Retrocedí aterrado, apretando a mis hijos mientras el terror me helaba la sangre.

—Tienes 24 horas para largarte, vagabundo. Y si no te vas por las buenas, mañana mismo vendré con la policía y la trabajadora del DIF para quitarte a esos dos b*stardos por tenerlos en estas condiciones de miseria. Te juro que acabarán pudriéndose en un orfanato.

Artemio pateó una cubeta de agua con furia y se marchó riendo a carcajadas. Esa misma noche, la oscuridad del rancho parecía aplastarme y no pude conciliar el sueño. Nadie podía imaginar la pesadilla que estaba a punto de desatarse.

¿CÓMO PODRÍA UN JOVEN PADRE ENFRENTARSE A TODO EL SISTEMA CORRUPTO PARA SALVAR A SUS DOS HIJOS?

PARTE 2

Esa misma noche, no pude conciliar el sueño ni un solo minuto. El aire dentro de aquellas cuatro paredes de adobe desnudo se sentía denso, pesado, cargado de un presagio funesto que me robaba el aliento. La oscuridad del rancho parecía aplastarme, y el eco de la amenaza de Artemio retumbaba en mi cabeza como un martillo implacable. Sus palabras venenosas se repetían una y otra vez, mezclándose con el silbido del viento serrano que se colaba por las rendijas de las ventanas rotas. Estaba solo. Absolutamente solo en un rincón olvidado de Jalisco, intentando escudar a mis pedazos de alma del poder corrupto de un hombre que no conocía la piedad.

Acomodé los delgados retazos de tela sobre el colchón improvisado. Cada vez que los dos bebés, a los que llamé Santiago y María, emitían un quejido, el corazón me amenazaba con salirse del pecho.

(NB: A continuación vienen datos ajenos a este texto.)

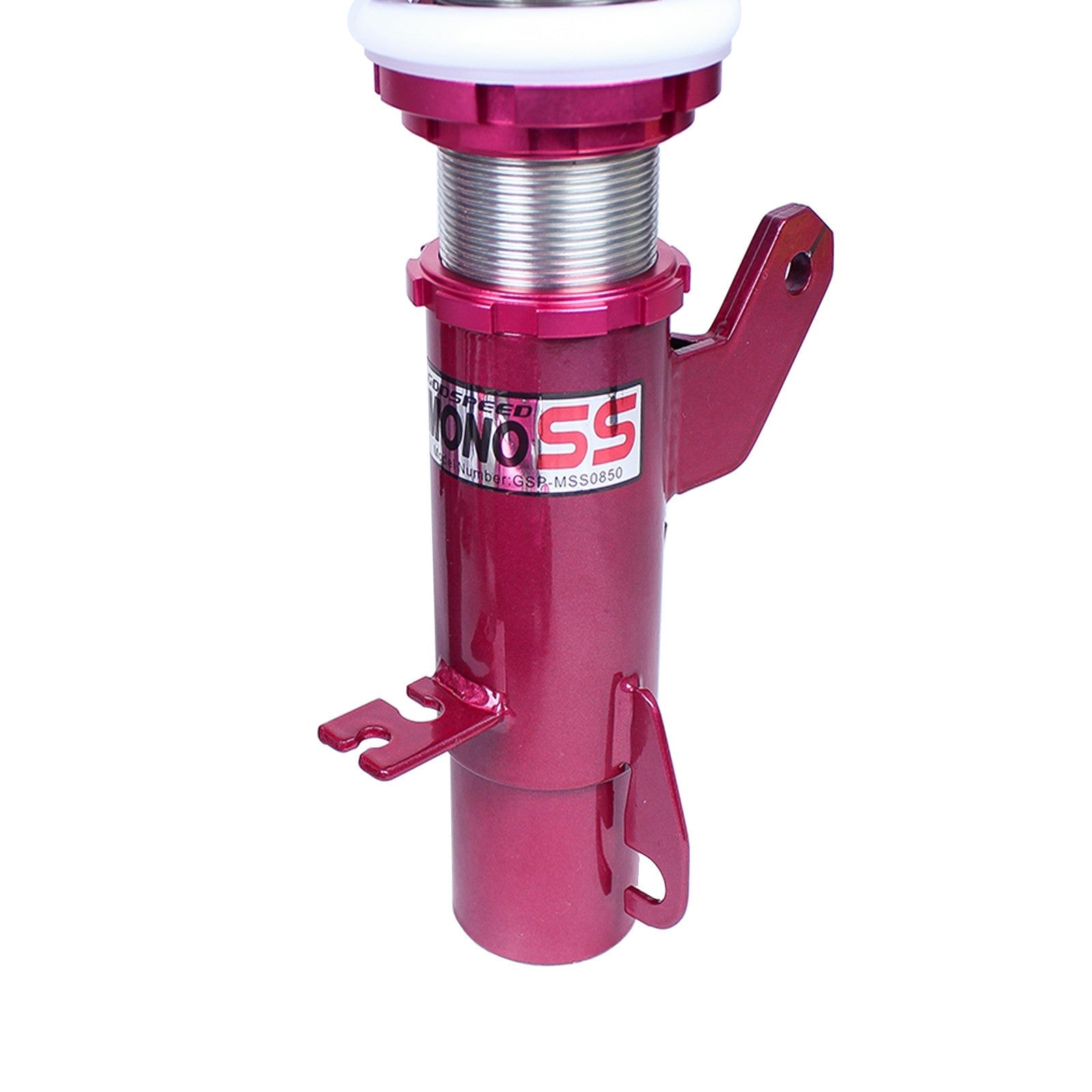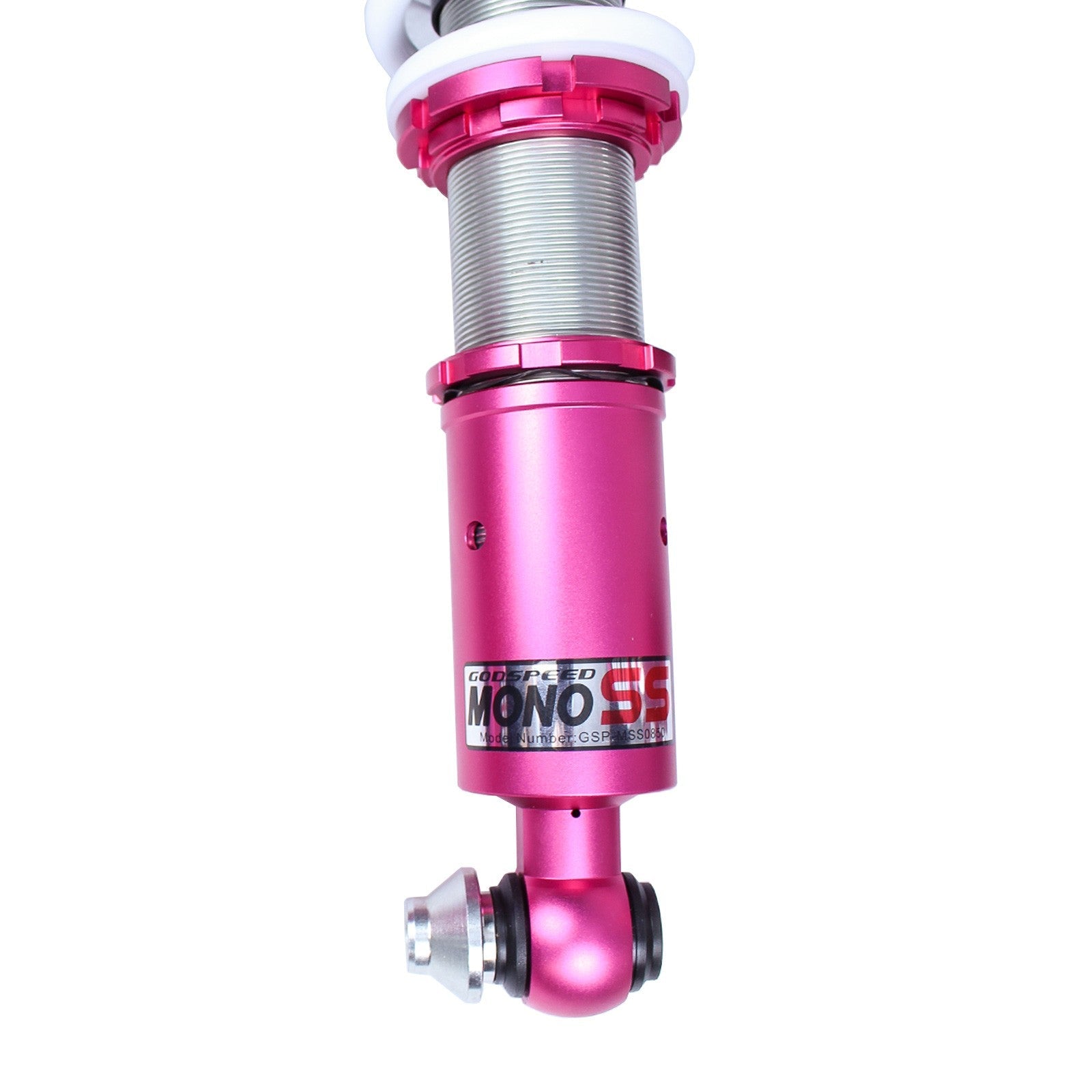 GodSpeed MonoSS coilovers are great entry level single adjustable coilovers. GodSpeed starts with a race coilover and tones it down for the street to give you an extremely capable coilover that you can comfortably use every day.  GodSpeed uses some of the best and most exotic components on the market such as a carbon seamless steel 52mm tube with a high performance internal shock piston that provides fast and precise damper response.  GodSpeed coilover springs are cold-bent from high strength SAE9252 steel to be comfortable and high performance.

Mi respiración se agitaba y mis manos callosas temblaban al palpar sus frentes tibias en la penumbra. El miedo a perder a mis dos hijos a manos del corrupto sistema del DIF municipal era el terror más profundo que cualquier padre pobre en México podía experimentar. Sabía perfectamente cómo funcionaban las cosas en estos pueblos; la justicia no era ciega, tenía un precio, y yo no tenía un solo peso en las bolsas de mis pantalones desgastados. El pánico me cerraba la garganta al imaginar a mis pequeños encerrados entre paredes grises, separados de mí, llorando sin que nadie los abrazara.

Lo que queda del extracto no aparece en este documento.